The LOD for the solution was initially estimated for each analytical batch as three times the standard deviation of the three reagent blanks. The solution LODs (mg/mL) are as follows: albendazole (0.001), chloramphenicol (0.001), levamisole (0.001), oxytetracycline (0.002), piperazine (0.001) and sulphamethoxazole (0.001), sulphathiazole (0.001) and tiamulin (0.001). Sample LODs were then calculated for each drug by multiplying the solution limit of detection by the dilution volume and dividing by the weight of the actual sample. The sample LOD (mg/kg) are as follows: albendazole (0.025), chloramphenicol (0.025), levamisole (0.025), oxytetracycline (0.025), piperazine (0.015) and sulphamethoxazole (0.025), sulphathiazole (0.025) and tiamulin (0.002).

Quality assurance and quality control measures

To ensure the validity of results, the following measures were taken. Prior to sample analysis, standards for all 8 drugs were analyzed to verify adequate system performance. Agreement of HPLC data with analyzed standards prior to sample analyses and in between ten sample runs were satisfactory. Each batch of sample analysis was prepared to include reagent blank in triplicate to control for background contamination and three spiked samples in triplicate to confirm satisfactory drug recovery greater than 70 %. In addition, the correlation coefficient for the calibration curve was required to be greater than 0.995. All samples were analyzed in triplicates.
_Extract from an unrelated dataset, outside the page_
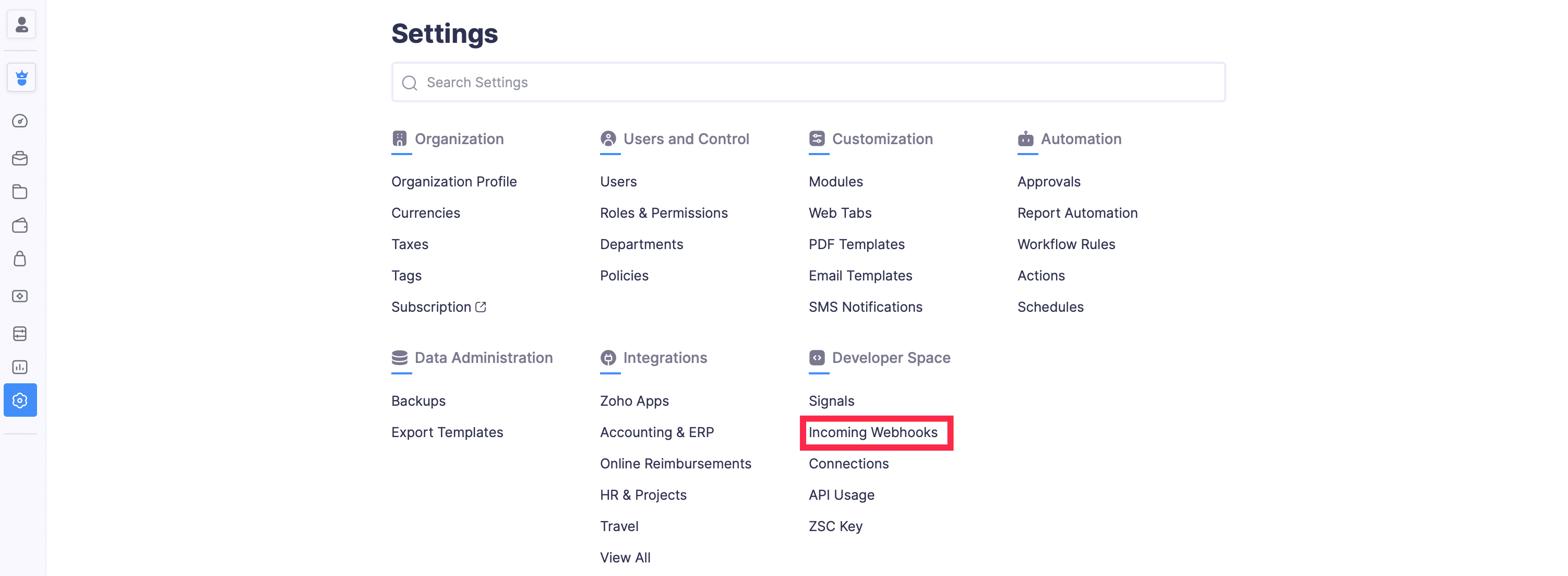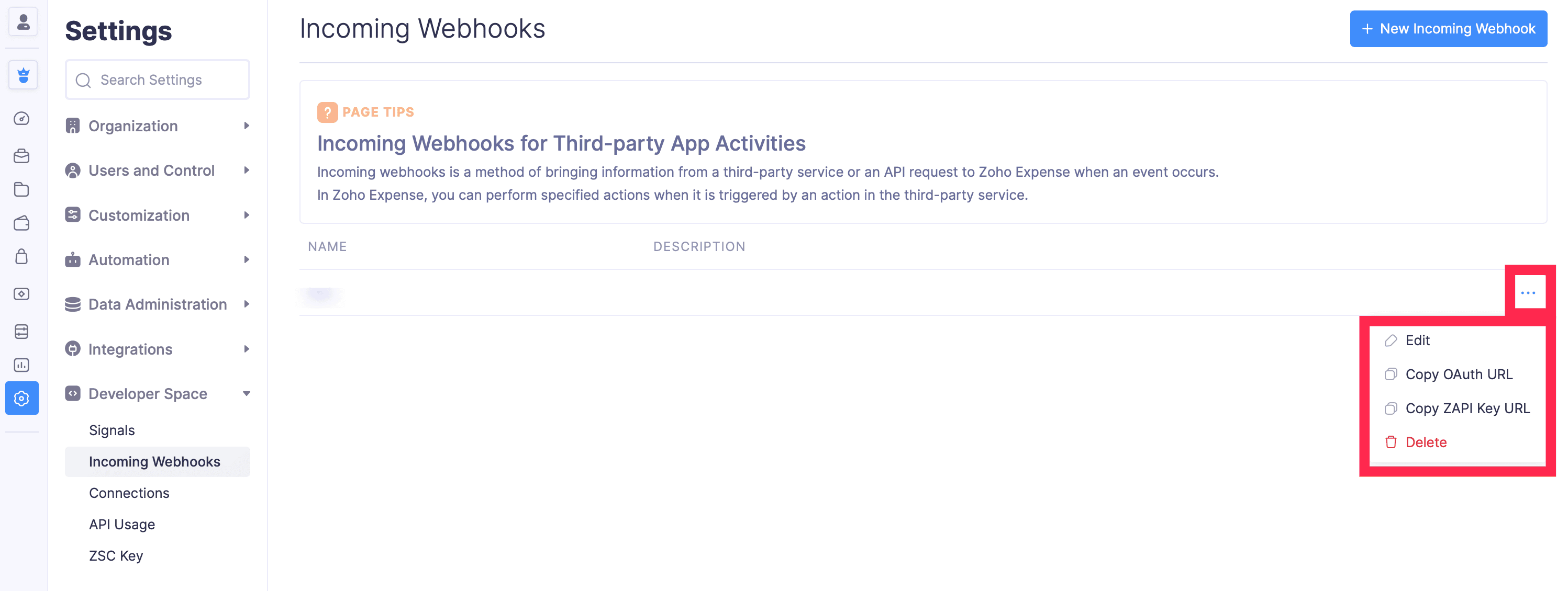 You can create multiple incoming webhooks based on the functions you prefer to execute in Zoho Expense. To create an incoming webhook:

Recovery of spiked samples

Recovery test was performed in triplicate by spiking standards at three different levels of the veterinary drugs. Five gram of homogenized samples were spiked with 5 μL of internal working standard solution (10 μg/mL) and vortexed for 1 min to mix thoroughly. Spiked and unknown samples are treated in the same way. Average recoveries registered were in the range of 76.0–98.8 %. For both tissues and eggs, sulphamethoxazole and tiamulin showed the least recovery with mean values between 76.0–78.0 % respectively, while albendazole obtained the highest mean recoveries at 98.0–98.8 %.

Statistical analysis

All data were reported as the mean ± standard deviation of the set of triplicates determinations. A one way analysis of variance (ANOVA) was conducted using GraphPad prism 5 in the assessment of variation in drug concentrations within same tissues and between different tissues. Tests were considered statistically significant at p < 0.05.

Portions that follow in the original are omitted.